* TASK TO COMPLETE *
Retype, exactly as they stand, the lines from the start of the data to the line that contains "Dofinansowano ze środków", both ends included. Leave the pictures out.

(Excerpts from a dataset)
------------------------------

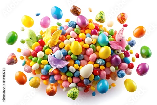 Colorful Easter eggs and candies on a white background with various vibrant colors like yellow, blue, green, pink, and orange
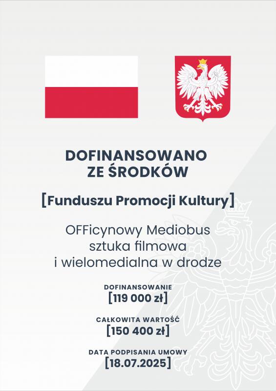 Dofinansowano ze środków Ministra Kultury i Dziedzictwa Narodowego pochodzących z Funduszu Promocji Kultury– państwowego funduszu celowego.
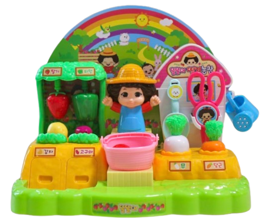 똘똘이 딸기농장으로 재미있는 놀이해요~!!! 딸기, 피망, 감자, 고구마, 당근, 무의 6가지 과일,채소와 말하는 가위, 물뿌리개, 삽, 수확 바구니의 4가지 수확도구로 딸기농장을 운영해 보아요. 말하는 가위로 채소를 톡톡! 수확을 해보고 삽으로 맛있는 감자와 고구마를 뒹구르르 수확해요. 무와 당근을 쏙쏙 뽑아보기도 하고 딸기농장에 물을 줄수도 있어요. 농장 놀이를 통해 농장 수확 과정과 수확 도구의 사용법도 배우고 내가 직접 농장을 가꾸면서 창의력과 상상력을 키워보아요.
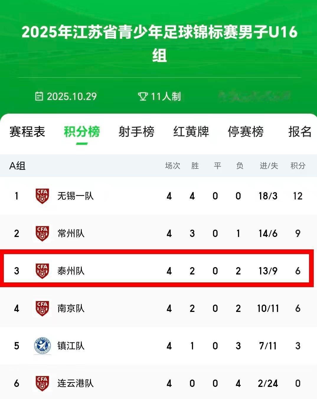小组首战泰州队1比6惨败无锡一队,次轮则是6球大胜连云港,第三轮5球大胜镇江,四轮1比3负于常州,目前暂列小组第三,朱家旭则以5球并列领跑射手榜!可以说泰州U16算是给泰州糟糕的青训基础挽回了一丝颜面。
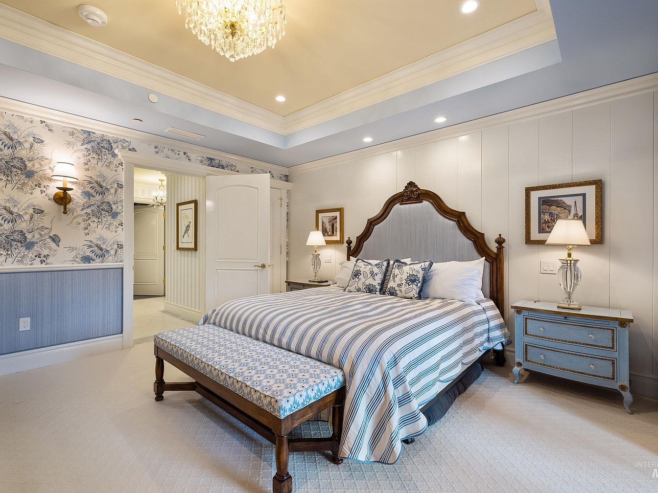 A spacious master bedroom exudes comfort and style with its serene blue and white color scheme. The room features an elegant wooden bed frame with a tall, upholstered headboard and is dressed in striped bedding with floral accent pillows. Vintage-inspired nightstands and classic table lamps provide charm on either side of the bed, complemented by framed artwork. A patterned bench at the bed’s foot enhances both seating and decorative appeal. Soft carpet flooring ensures a cozy, family-friendly atmosphere. The tray ceiling, crowned with a sparkling chandelier, adds a touch of sophistication, while subtle wallpaper and paneling offer visual interest and timeless character.
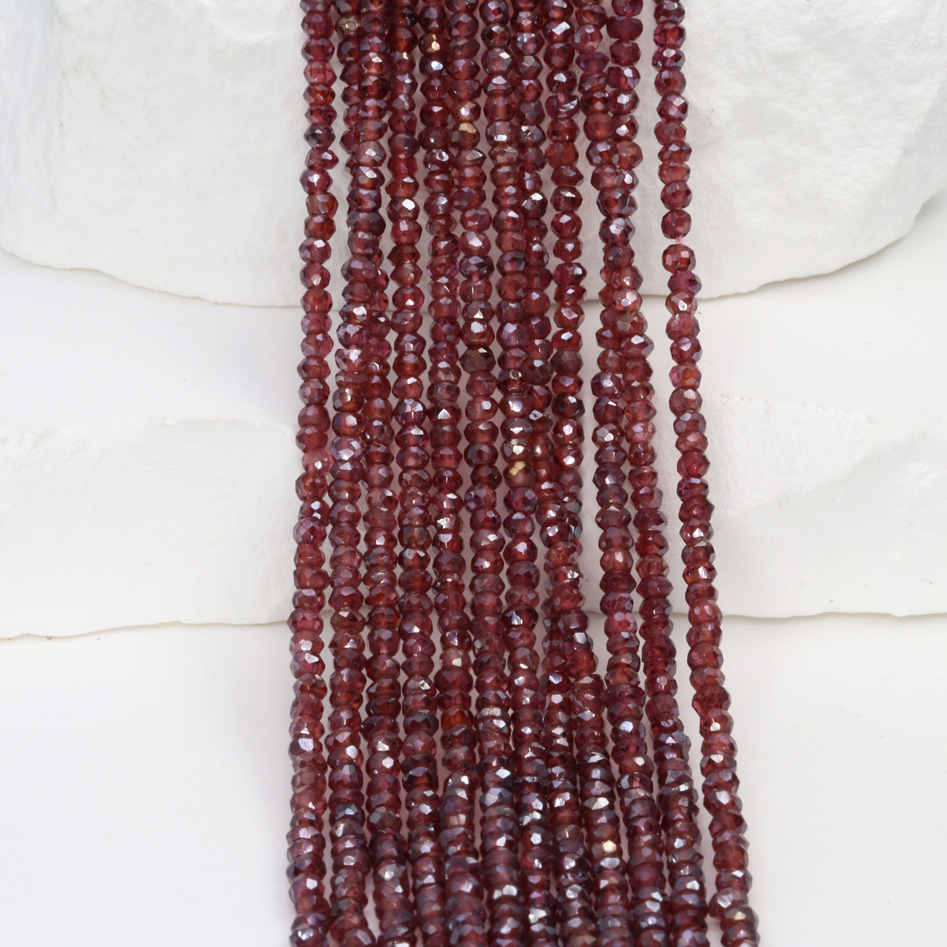Coated Rhodolite Garnet 2.5mm Faceted Rondelles Bead Strand

------------------------------

* ANSWER BELOW *
 Colorful Easter eggs and candies on a white background with various vibrant colors like yellow, blue, green, pink, and orange
 Dofinansowano ze środków Ministra Kultury i Dziedzictwa Narodowego pochodzących z Funduszu Promocji Kultury– państwowego funduszu celowego.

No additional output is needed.